Giving in our schools

Students learn life lessons in service

brantin@December 27, 2012 

They brought gifts of clothing, food and holiday cheer.

And along with their service came the vital lessons on giving and the high marks of jobs well done.

In the weeks leading to the holiday break, Midlands area schools demonstrated the true meaning of the season with a variety of outreach efforts that targeted the poor, the homeless, the military and many others in the community.

A sampling of some of the activities:


Richland 2’s five high schools held student-led service projects that encouraged students to explore, understand and address community needs. The students celebrated the various acts of service during several school-wide pep rallies in recent weeks.

Spring Valley High offered a helping hand to several community agencies as students collected $5,500 for the Children’s Garden and $1,000 for Changing Hearts. Both agencies provide services to homeless families. Students also collected 20,000 canned goods, 3,700 toys, 1,500 blankets and other warm items for the area’s needy as well as 830 personal care bags for the homeless, and 750 children’s books for foster children.
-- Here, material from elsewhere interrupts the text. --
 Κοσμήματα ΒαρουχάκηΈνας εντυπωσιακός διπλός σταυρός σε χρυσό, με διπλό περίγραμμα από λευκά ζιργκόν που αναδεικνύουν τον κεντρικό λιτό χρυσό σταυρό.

Meanwhile, Spring Valley High student Grace Smith prepared 61 hand-knitted hats and gave them to Family Connection of South Carolina to help support the families of children with special health care needs. The items are being given to newborns in the neonatal intensive care unit at Palmetto Health Children’s Hospital.

Smith spent more than 150 hours knitting the hats that are being distributed during the holidays.
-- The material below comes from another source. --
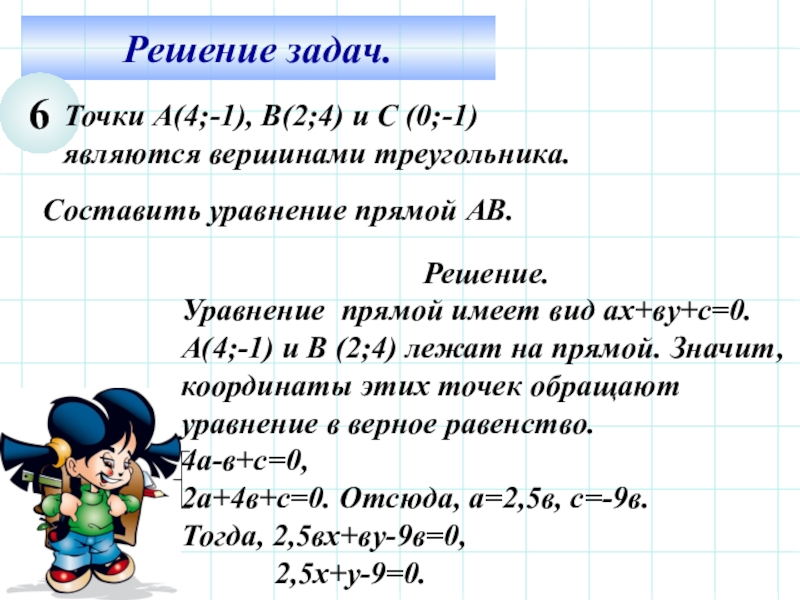 А(4;-1) и В (2;4) лежат на прямой. Значит, координаты этих точек обращают уравнение в верное равенство.

“It makes me really happy to know we can make the families happy,” Grace said.

At Ridge View High, students collected 15,000 non-perishable goods to benefit local charities including God’s Storehouse. The school plans to sponsor 65 foster children from the S.C. Department of Social Services and raise $1,500 for Harvest Hope Food Bank.

Blythewood High students collected 2,600 new and gently used books for Palmetto Health Children’s Hospital’s “Reach-Out-and-Read-Program.” Students also collected 20,000 canned goods and non-perishable food items for God’s Storehouse, and 200 stuffed stockings for the James R. Clark Sickle Cell Foundation. The school works with DSS to sponsor more than 100 foster children.
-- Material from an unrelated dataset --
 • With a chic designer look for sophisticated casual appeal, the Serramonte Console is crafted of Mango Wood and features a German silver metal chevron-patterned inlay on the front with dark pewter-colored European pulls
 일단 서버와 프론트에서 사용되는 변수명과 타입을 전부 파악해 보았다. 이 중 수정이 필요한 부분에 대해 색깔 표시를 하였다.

Richland Northeast High collected food for the hungry families, coats and personal hygiene items for the homeless, and toys for the Palmetto Children’s Hospital Cancer and Blood Disorders Clinic. The school partnered with the Palmetto Project’s Families Helping Families program to adopt more than 180 people.

Westwood High collected canned goods for Harvest Hope Food Bank while student clubs and organizations collected toys for The Giving Tree, helped the Salvation Army prepare Christmas packages and supplied toiletry bags for Hannah House. Westwood held its first blood drive for the American Red Cross in memory of Jeanne Schmidt, the wife of principal Ralph Schmidt, who died earlier this year.


Lexington 1 students joined the Lexington County Sheriff’s Department for this year’s Socks to Sole Drive. The groups collected new, unwrapped socks for children undergoing cancer treatment at Palmetto Health Children’s Hospital. Those receiving such treatment often experience cold feet.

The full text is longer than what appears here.